2015年・2016年の法改正で、何が変わったのか?
2015年度の税制改正による規制緩和やガイドラインの整備により、適用範囲が拡大された電子帳簿保存法。中でも注目されているのが、スキャナを用いた国税関係書類の保存だ。
紙帳票の保管にかかるコストは企業にとって負担となっていることから、コスト削減、作業負荷軽減、保管スペースの縮小など、大きな効率化を期待する企業も多いからである。また、検索性の向上による業務の効率化や、ネットワークを介する書類のやり取りによる、業務のスピードアップ、さらには顧客満足度の向上などのメリットも見込まれる。加えて、中小企業などの場合、スキャナ保存に必要となる法的要件を満たすことで、内部統制の強化といった効果もあるのだ。
では、電子帳簿保存法がどのように改正されたことで、企業はスキャナを用いて国税関係書類を保存しやすくなったのだろうか。

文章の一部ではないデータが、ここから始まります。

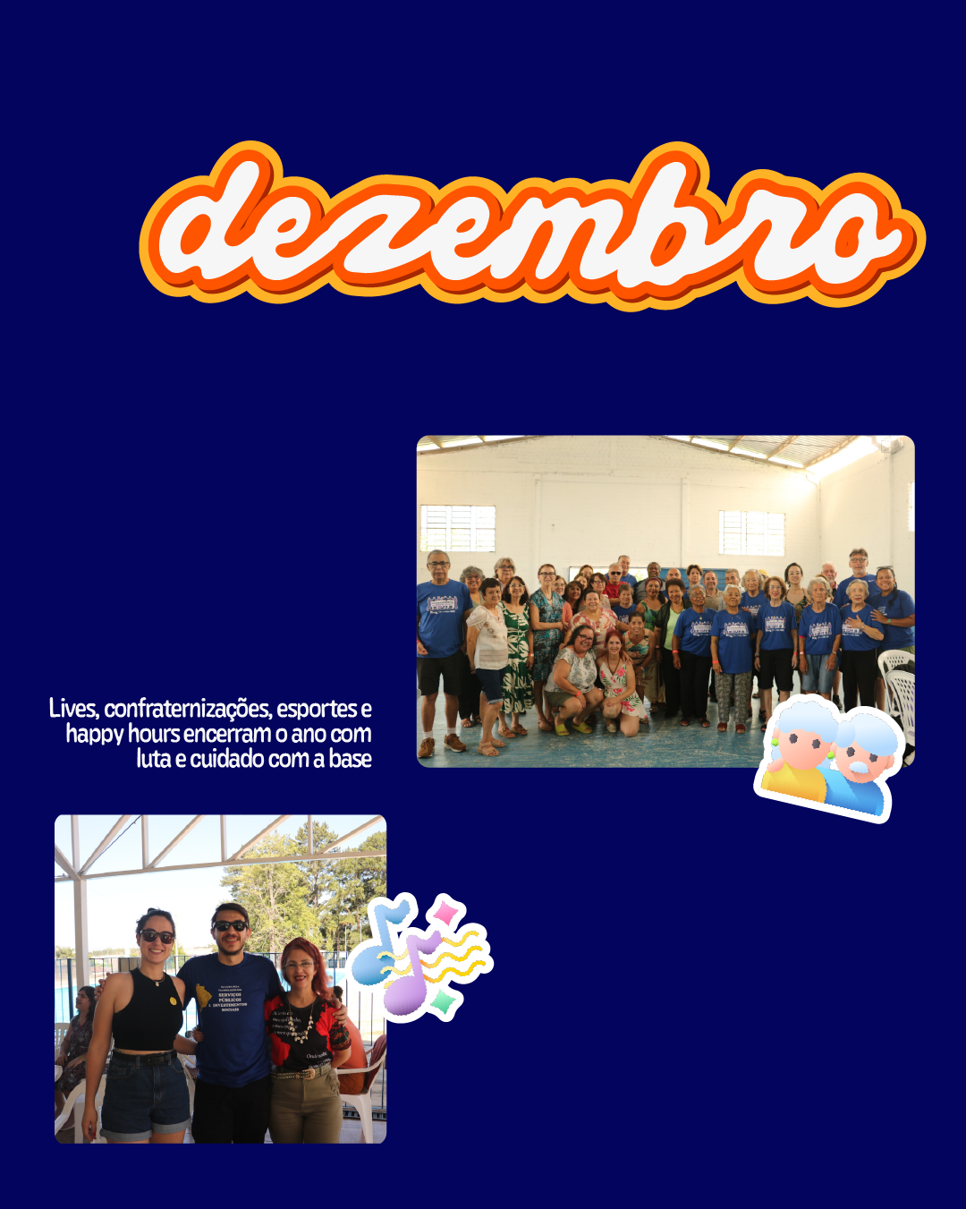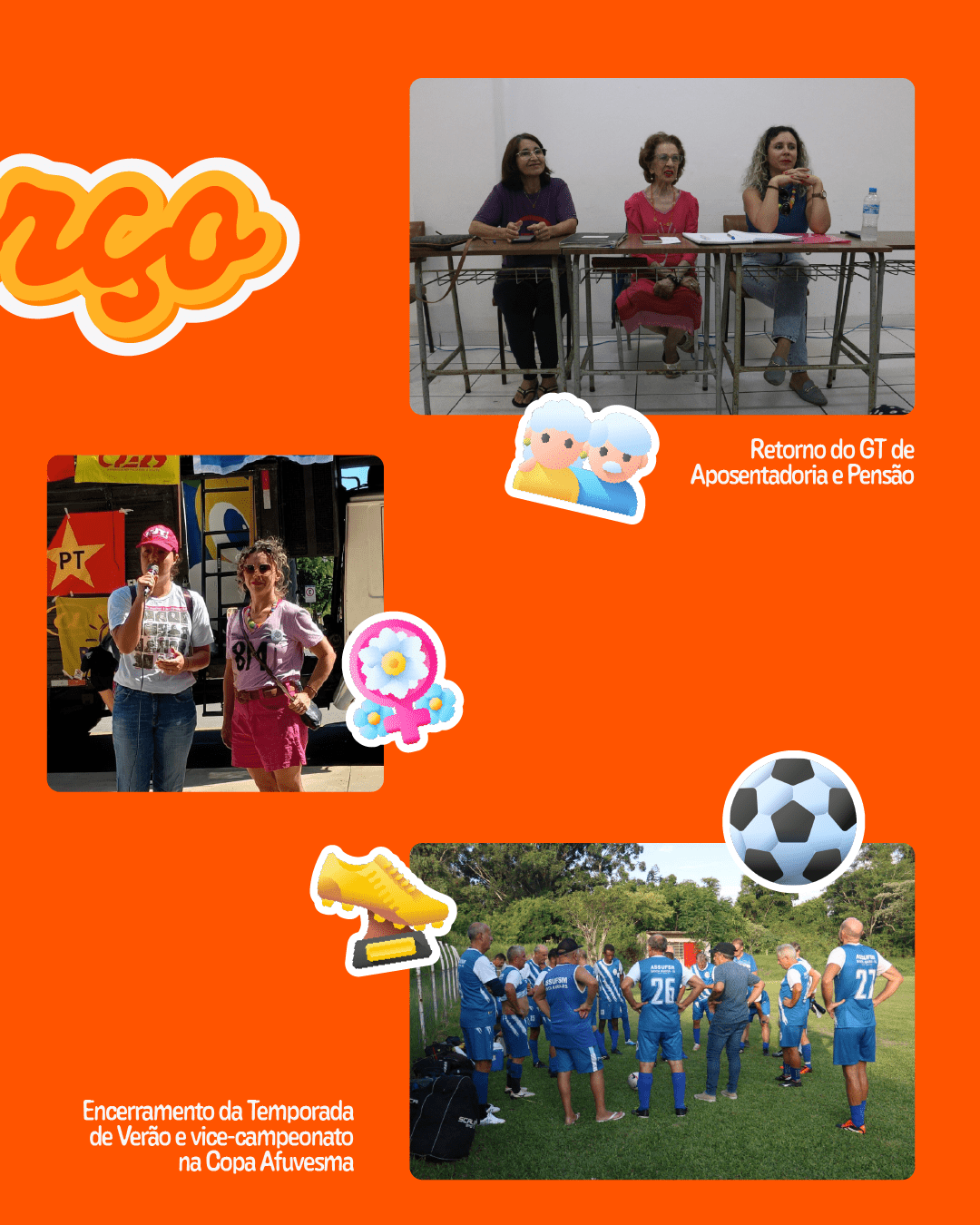 No eixo de Esporte, Cultura e Lazer, fica reservado o espaço para registro da final da Copa Afuvesma – categoria 65 anos, fortalecendo a memória esportiva e a integração da categoria. Já na Sede Campestre, os sábados foram animados com Happy Hour com música ao vivo, reafirmando o compromisso do sindicato com o lazer, a cultura e o bem-estar dos(as) filiados(as).
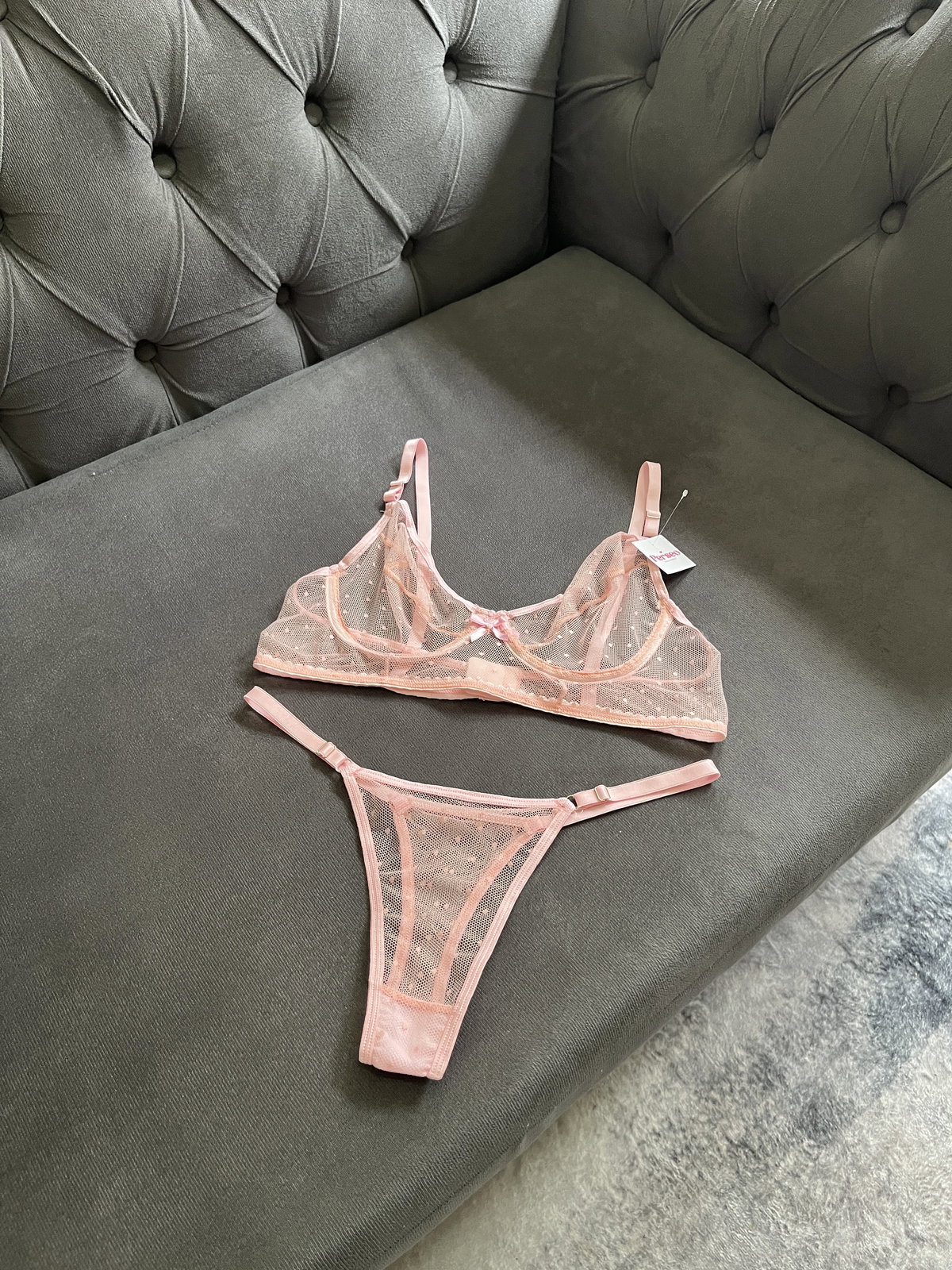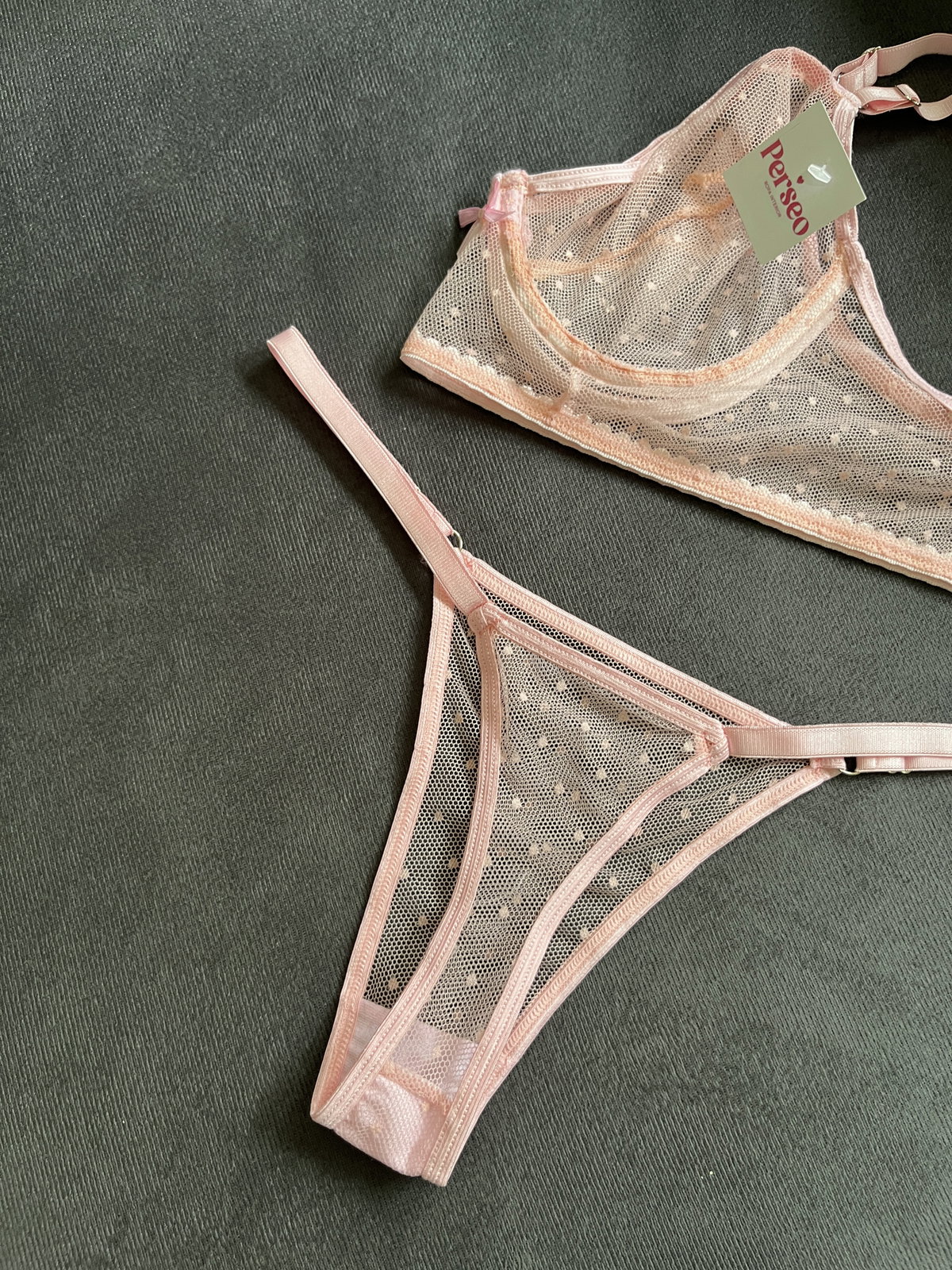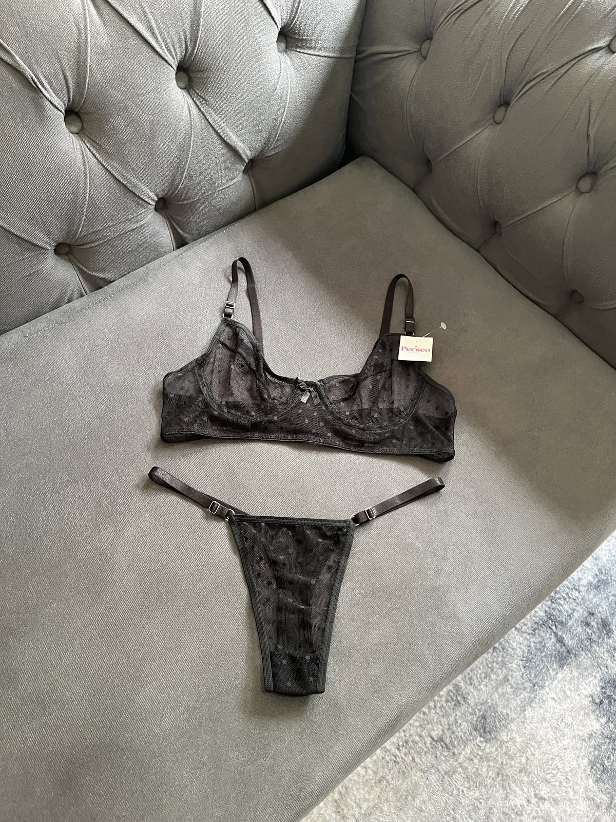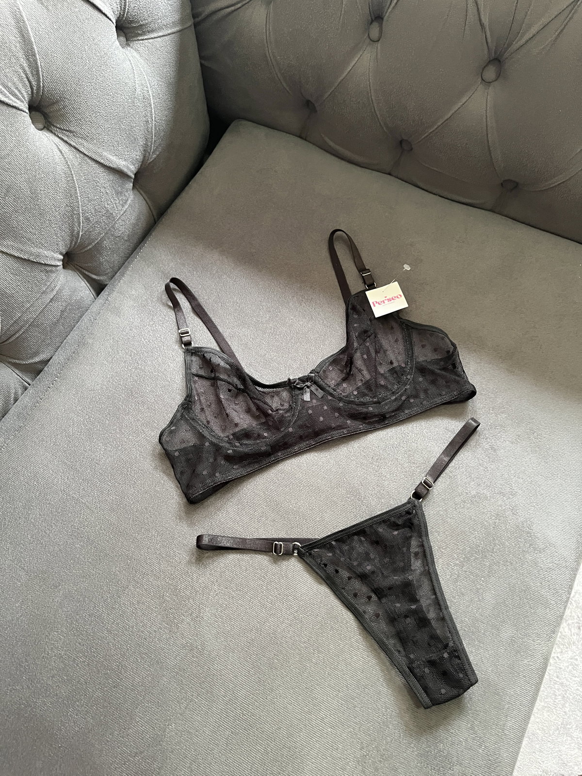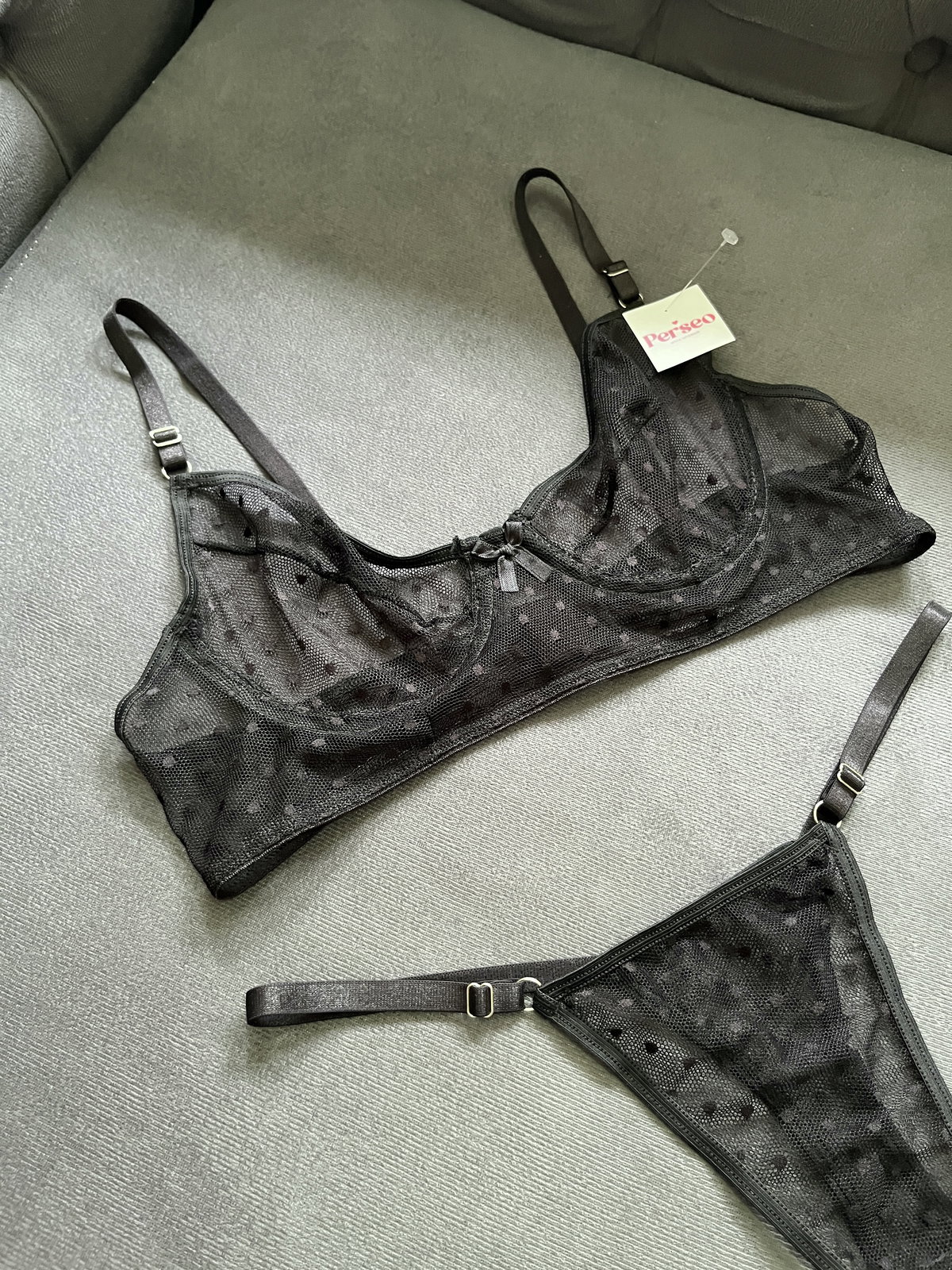 si te gustan los conjuntos livianos, transparentes y con buena forma, este es para vos. el corpiño de microtul plumeti con aro, ideal si buscas que sujete bien.

1998年7月に施行を開始した「電子帳簿保存法」は、正式名称を「電子計算機を使用して作成する国税関係帳簿書類の保存方法等の特例に関する法律」と言い、国税にかかわる帳簿と書類を電子データとして保存する際の方法などが規定されている。しかしスキャナ保存については、この頃の同法では一切認められていなかった。
それが2005年4月、「e-文書法」の施行を受けた法改正によりスキャナ保存が認められるようになる。ただし、この法改正でも、国税関係書類を電子保存・スキャナ保存する上でかなり厳しい条件が設けられていた。
日立ソリューションズ ビジネスコラボレーション本部 オープンイノベーション戦略部 グループマネージャの三枝剛氏は、同法の適用要件の厳しさについて次のように話す。
「まず、領収書・契約書のスキャナ保存には、記載金額が3万円未満のものしか認められておらず、いちいち書類を仕分けする必要がありました。そのため、紙文書と電子文書が混在してしまい、管理が複雑化するというデメリットがあったのです。また、スキャナ保存には国税庁または税務署長の事前承認が必要であり、さらにスキャナで読み取る際に入力者などの実印相当の電子署名・タイムスタンプが必要など、さまざまな制約が設けられていました」
こうした事情から、2007年までの適用件数は23件と、スキャナ保存制度はほとんど利用されていなかったと状況だったそうだ。
しかしその後、2015年3月、2016年4月と立て続けに税制が改正されて法的要件が緩和されたことで、国税関係書類のスキャナ保存のハードルは一気に下がった。
まず、対象書類の見直しにより、これまでスキャナ保存の対象外とされていた「記載金額3万円以上の契約書や領収書およびこれらの写し」であっても、適正事務処理要件を満たしていればデータによる保管が認められた。このため、ほぼすべての領収書・契約書の電子化保存が可能となったのである。
ここで出てきた適正事務処理要件とは、内部統制を維持している状態を指し、職責と指揮命令系統の整備による相互牽制、定期的なチェック、再発防止策を社内規定などで整備するとともに、これに基づいて事務処理を実施していることで、税務署長に申請を行えば「みなし承認」となるものだ。また、電子署名要件の見直しにより、電子署名が不要となったことも、大きな進歩となった。
このように、スキャナ保存の法的要件が実務レベルまで緩和されたことを受けて、国税庁の統計によると、その適用件数も2015年の152件から2016年には385件と倍増、2017年はさらにその数を伸ばすと見られている。
ソリューション導入において押さえるべきポイントとは?
電子帳簿保存法の規制緩和により、国税関係書類のスキャナ保存に対する企業の意欲が高まったことで、市場も大きく反応している。
さまざまなベンダーが、電子帳票システムを中心にスキャナ保存に対応したソリューションのリリースを始めている。三枝氏は、こうしたソリューションを導入する際、電子帳簿保存法で定められている、電磁的記録の保存要件の5つの原則を押さえる必要があるとアドバイスする。